In a recent post, we discussed how to use NVIDIA NeMo Curator to curate custom datasets for pretraining or continuous training use cases of large language models (LLMs) and small language models (SLMs).
While such training scenarios are an important part of LLM development, many downstream applications involve fine-tuning existing foundation models on domain-specific datasets. This can be achieved using supervised fine-tuning (SFT) or parameter-efficient fine-tuning (PEFT) methods such as LoRA and p-tuning.
In these workflows, you typically need to iterate quickly and experiment with various ideas and hyperparameter settings, as well as how the training data are processed and exposed to the model. You must process and curate multiple variants of your datasets to ensure effective learning with the nuances of your domain-specific data.
Due to the limited amount of data available in such workflows, high-quality data curation using a flexible processing pipeline is crucial.
This post walks you through creating a custom data curation pipeline using NeMo Curator, focusing specifically on SFT and PEFT use cases. For more information about the basic building blocks that NeMo Curator provides, see Curating Custom Datasets for LLM Training with NVIDIA NeMo Curator.
Overview
For demonstration purposes, this post focuses on a toy example involving email classification. The goal is to curate a small text-based dataset, where each record consists of an email (subject and body) along with a predefined classification label for that email.
We used the Enron emails dataset for this purpose, where each email is labeled into one of eight categories. This dataset is publicly available on HuggingFace and contains ~1,400 records.
The data curation pipeline involves the following high-level steps:
- Define downloader, iterator, and extractor classes to convert the dataset into the JSONL format.
- Use existing tools to unify the Unicode representation.
- Define custom dataset filters to remove emails that are empty or too long.
- Redact all personally identifiable information (PII) from the dataset.
- Add instruction prompts to each record.
- Put the curation pipeline together.
The execution of this curation pipeline should take less than 5 minutes on consumer-grade hardware.
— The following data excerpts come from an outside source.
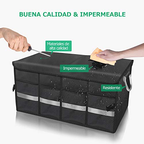 Oasser Organizer Bagagliaio Auto Organizzatore Baule SUV Camino Pieghevole Facile da Pulire Maniglie in Alluminio Fondo Antiscivolo con Fissaggio Copertura Impermeabile Nero
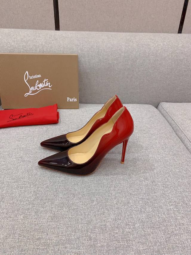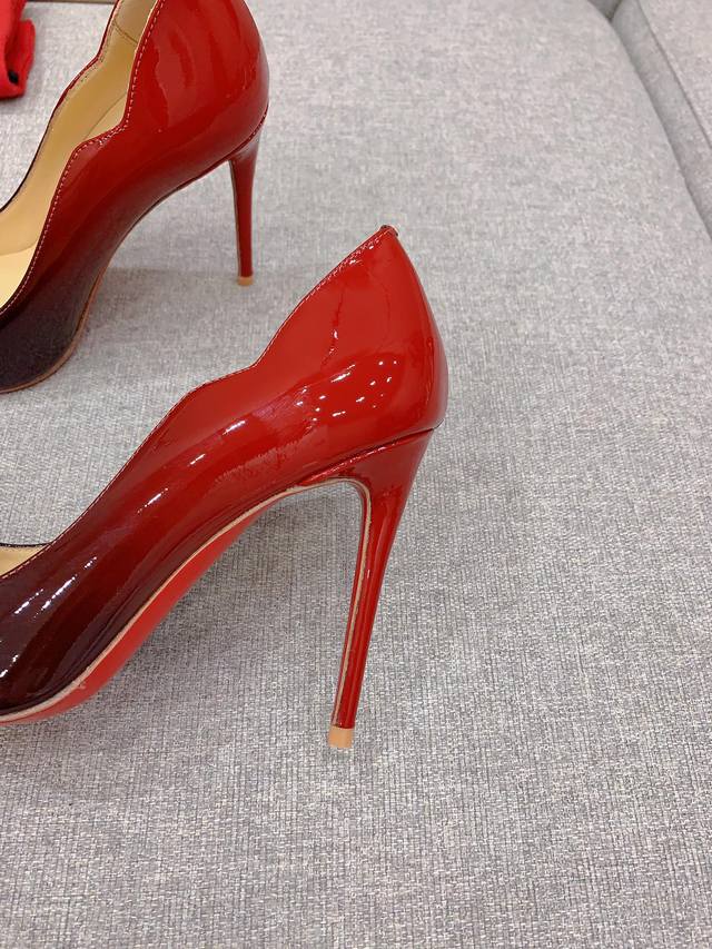 出厂价 Christian Loubouti* 经典波浪边红底高跟鞋 流畅的曲线勾勒曼妙风情 尽显性感风姿 万年经典款 鞋面牛漆皮 内里垫脚羊皮 原版进口AR1
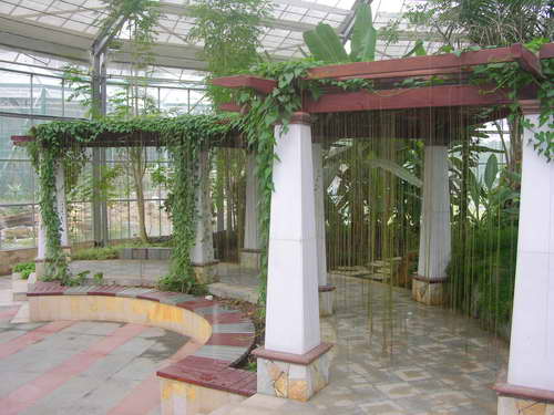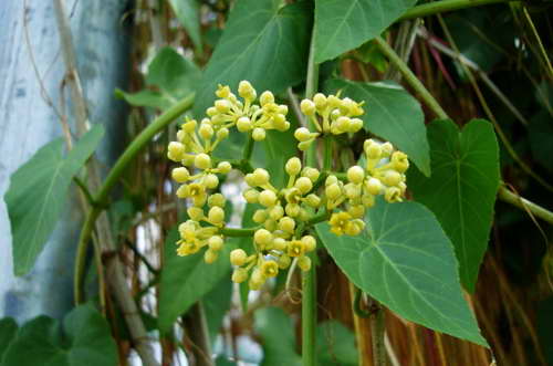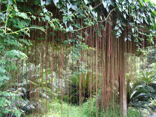 眼前的这“一帘幽梦”,是否会让你想到剪不断、理还乱的情丝?这种植物叫锦屏藤(Cissus sicyoides L.),葡萄科(Vitaceae )多年生常绿藤蔓性植物,又名珠帘藤,原产于热带美洲。其枝条纤细,有卷须,叶心形。夏、秋季开淡绿色的花,7-8月结果。锦屏藤最特别的是它从茎节处长出的红褐色的细长气根,悬垂于棚架下,当微风徐徐吹来,气根随风摇曳,仿佛隐藏着“一帘幽梦”,极富诗情画意!气根努力寻找着水和土,不断延伸,直至扎入泥土中吸收养分,使叶更绿、花更美,整株植物根深叶茂,生生不息!
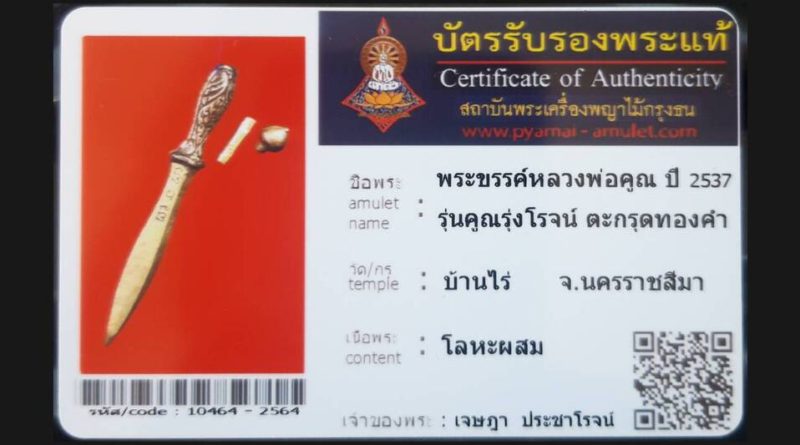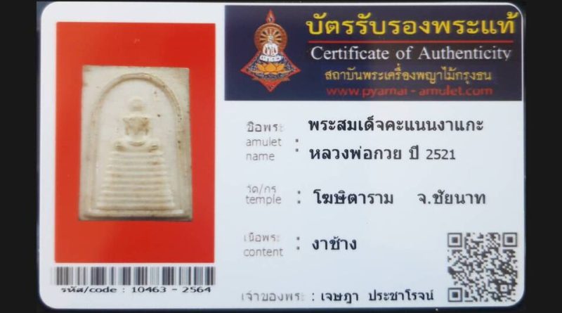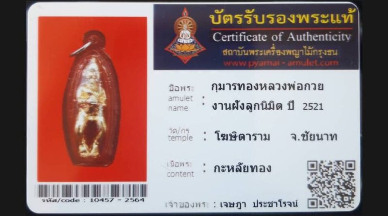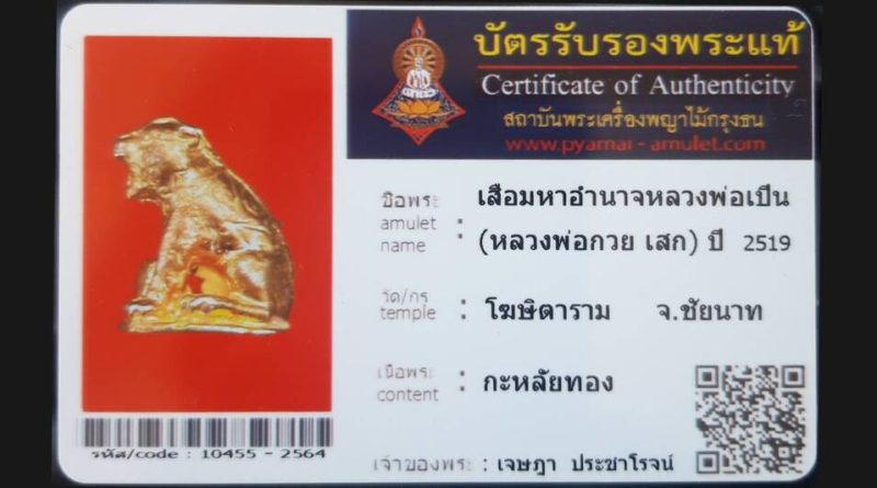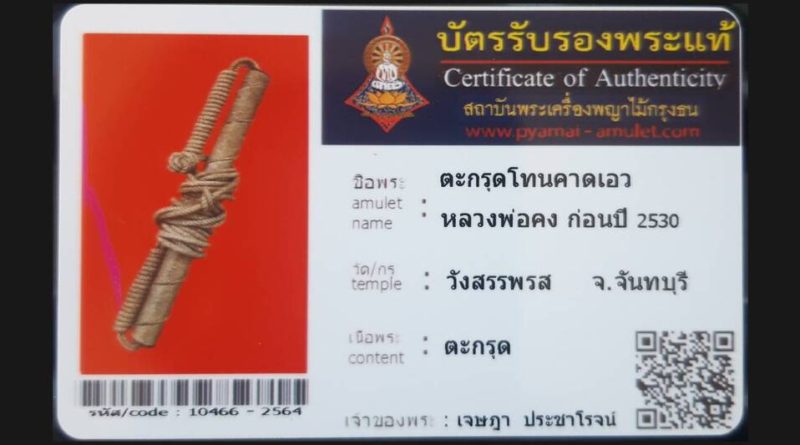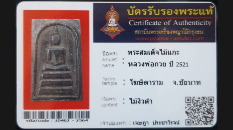 เจ้าของพระ คุณเจษฎา ประชาโรจน์ รหัสบัตร 10455 – 2564อ

To access the complete code for this tutorial, see the /NVIDIA/NeMo-Curator GitHub repo.
Prerequisites
Before you start, you must install the NeMo Curator framework. Follow the instructions in the NeMo Curator GitHub README file to install the framework.
Next, run the following commands to verify the installation and install any additional dependencies:
$ python -c "import nemo_curator; print(nemo_curator);"
$ pip3 install requests
Defining custom document builders
The first step of curating a dataset is to implement the document builders that can download and iterate through the dataset.
Downloading the dataset
Implement the DocumentDownloader
class, which takes the dataset’s URL and downloads it using the requests
library.
import requests
from nemo_curator.download.doc_builder import DocumentDownloader
class EmailsDownloader(DocumentDownloader):
def __init__(self, download_dir: str):
super().__init__()
if not os.path.isdir(download_dir):
os.makedirs(download_dir)
self._download_dir = download_dir
print("Download directory: ", self._download_dir)
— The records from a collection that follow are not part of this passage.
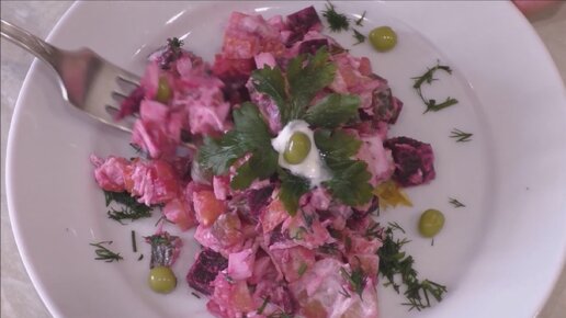 У всех винегрет с овощами, а у меня с мясом, очень вкусно
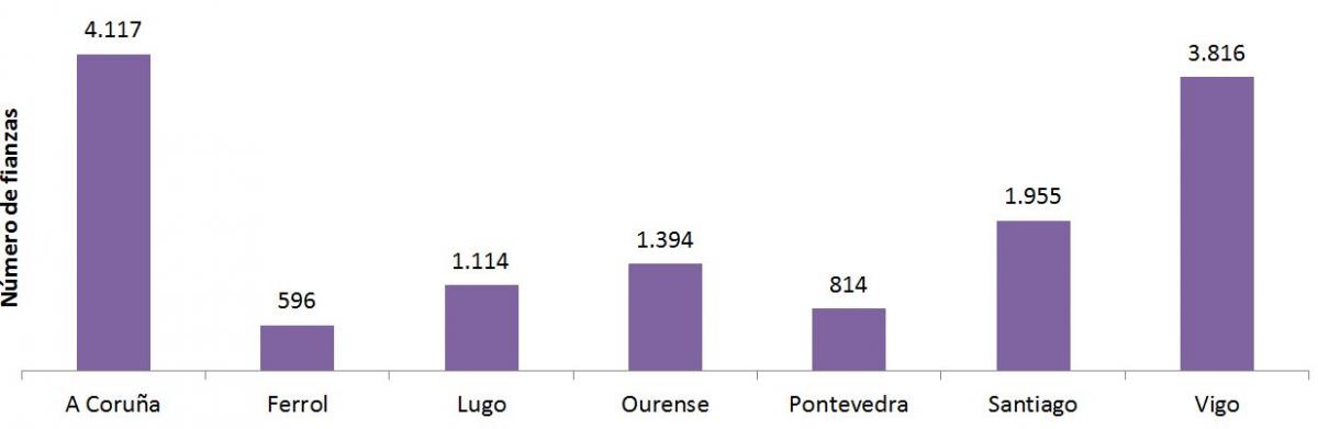 Cidades Nº de fianzas Importe medio (€) Nº de fianzas Importe medio (€) Nº de fianzas Importe medio (€) Nº de fianzas Importe medio (€) Nº de fianzas Importe medio (€)
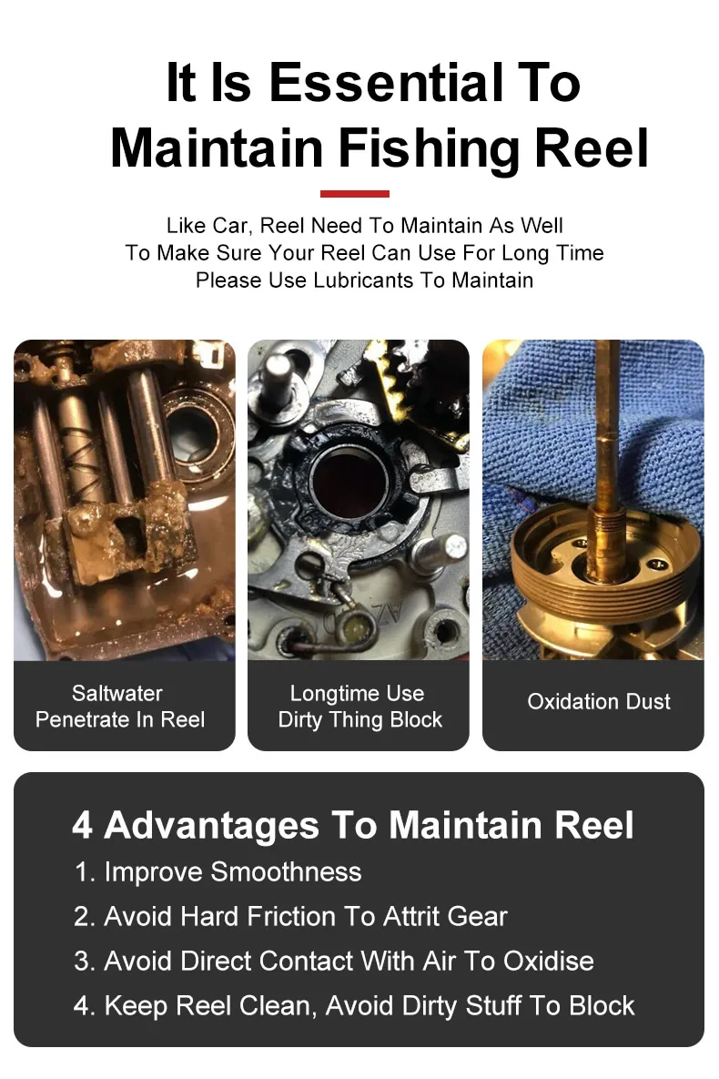 • Herramienta de mantenimiento de carrete de pesca :Este aceite es una herramienta esencial para el mantenimiento del carrete de pesca, asegurando un rendimiento óptimo en cada uso.
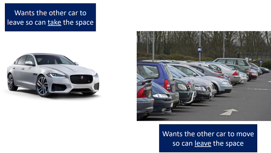 Two cars coming from opposite directions have to cross a single-lane bridge.
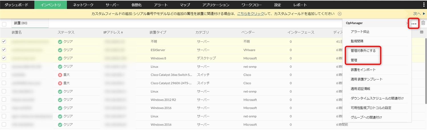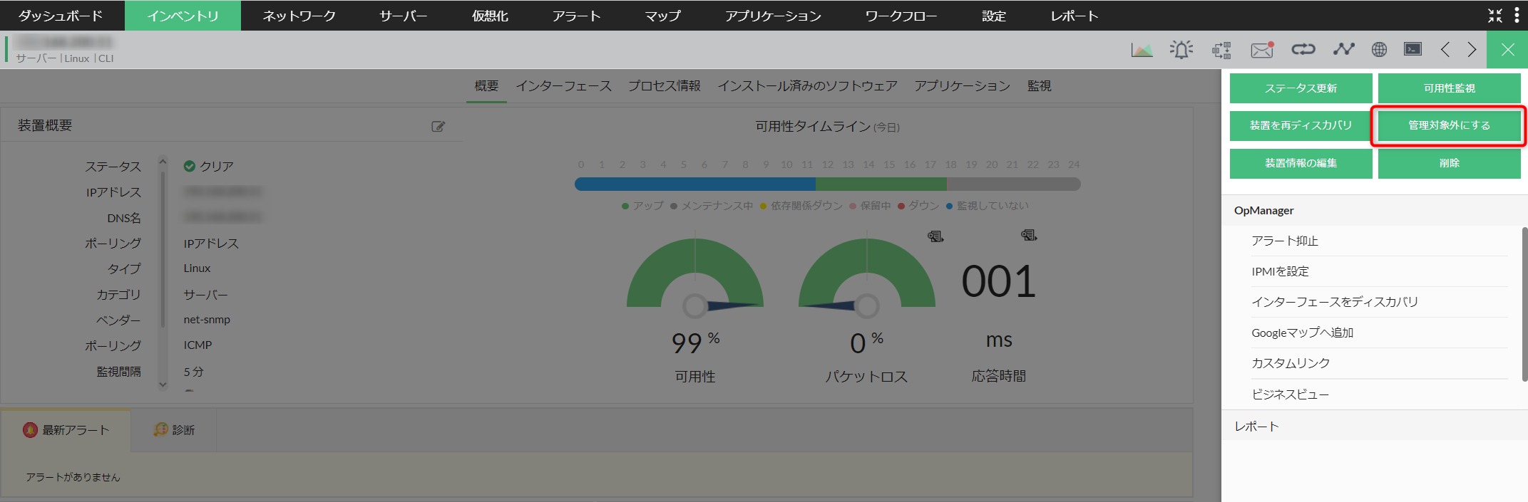 OpManagerは管理状態の対象にのみ監視を行い、非管理に設定されたものには監視を行いません。
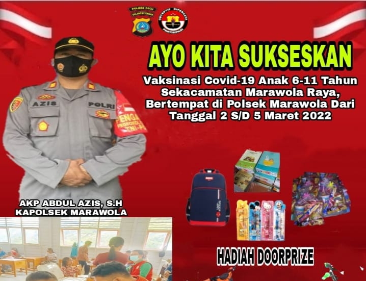 Meski belum mencapai target 70 persen, Kapolsek Marawola AKP. Abdul Azis, SH menyampaikan giat pelaksanaan vaksinasi anak usia 6 – 11 tahun akan terus di gencarkan diwilayah Marawola Raya guna penanganan virus covid-19 pada anak dan juga sesuai arahan Kapolri Jendral Listyo Sigit Prabowo.
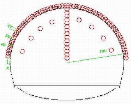 水平旋噴樁布置在隧道斷面180度范圍內(nèi),單樁長度20米,樁徑600mm,樁間距為400mm,相鄰樁相互咬合200mm,每循環(huán)搭接5 m。施工采用新開發(fā)的水平旋噴臺車及雙膠管通道旋噴鉆具,一個往復行程成樁20米,無需進行鉆桿拆卸,大大提高了施工工效。左右線兩部臺車四臺鉆機交替作業(yè)有效的保證了張承高速控制性工程的施工進度。
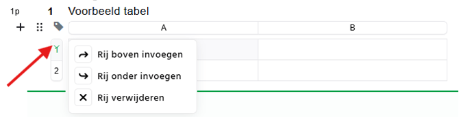Wil je een rij toevoegen of verwijderen? Klik op het pijltje van het rijnummer waar je een rij wilt toevoegen of verwijderen en kies vervolgens of je boven of onder deze rij een nieuwe rij wilt toevoegen, of dat je de geselecteerde rij wilt verwijderen.
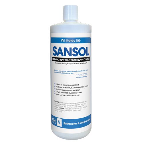 Sansol effectively removes body fats and oils, hard water carbonate deposits, rust and urine/faeces stains, soap scum, algae and mildew. Sansol is suitable for use on tiles, glass surfaces, stainless steel and laminated bench tops. Sansol has been successfully used on ventilation systems to eradicate odour causing bacteria. AUST L: 73602

def download(self, url: str) -> str:
filename = os.path.basename(url)
output_file = os.path.join(self._download_dir, filename)
if os.path.exists(output_file):
print(f"File '{output_file}' already exists, skipping download.")
return output_file
print(f"Downloading Enron emails dataset from '{url}'...")
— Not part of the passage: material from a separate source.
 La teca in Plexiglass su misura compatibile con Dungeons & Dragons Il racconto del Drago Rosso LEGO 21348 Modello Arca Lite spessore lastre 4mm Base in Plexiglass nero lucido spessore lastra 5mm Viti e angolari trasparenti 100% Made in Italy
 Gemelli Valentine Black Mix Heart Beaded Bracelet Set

response = requests.get(url)
with open(output_file, "wb") as file:
file.write(response.content)
return output_file
The downloaded dataset is a text file, and each entry roughly follows the following format:
“<s>[system instruction prompts]
Subject:: [email subject]
Body:: [email body]
[category label] <s>”
This format can be easily broken into its constituent parts using regular expressions. The key thing to remember is that entries are separated by sequences of “<s> … <s>”
and always begin with instruction prompts. Also, the sample delimiter tokens and the system prompt tokens are compatible with the Llama 2 family of tokenizers.
As you might use this data with other tokenizers or models that don’t support special tokens, it’s best to discard these instructions and tokens during parsing. Later in this post, we show how instruction prompts or special tokens can be added to each entry using the NeMo Curator DocumentModifier
utilities.
Parsing and iterating the dataset
Implement the DocumentIterator
and DocumentExtractor
classes to extract email subject, body, and category (class) labels:
from nemo_curator.download.doc_builder import (
DocumentExtractor,
DocumentIterator,
)
class EmailsIterator(DocumentIterator):
def __init__(self):
super().__init__()
self._counter = -1
self._extractor = EmailsExtractor()
# The regular expression pattern to extract each email.
self._pattern = re.compile(r"\"<s>.*?<s>\"", re.DOTALL)
def iterate(self, file_path):
self._counter = -1
file_name = os.path.basename(file_path)
with open(file_path, "r", encoding="utf-8") as file:
lines = file.readlines()
# Ignore the first line which contains the header.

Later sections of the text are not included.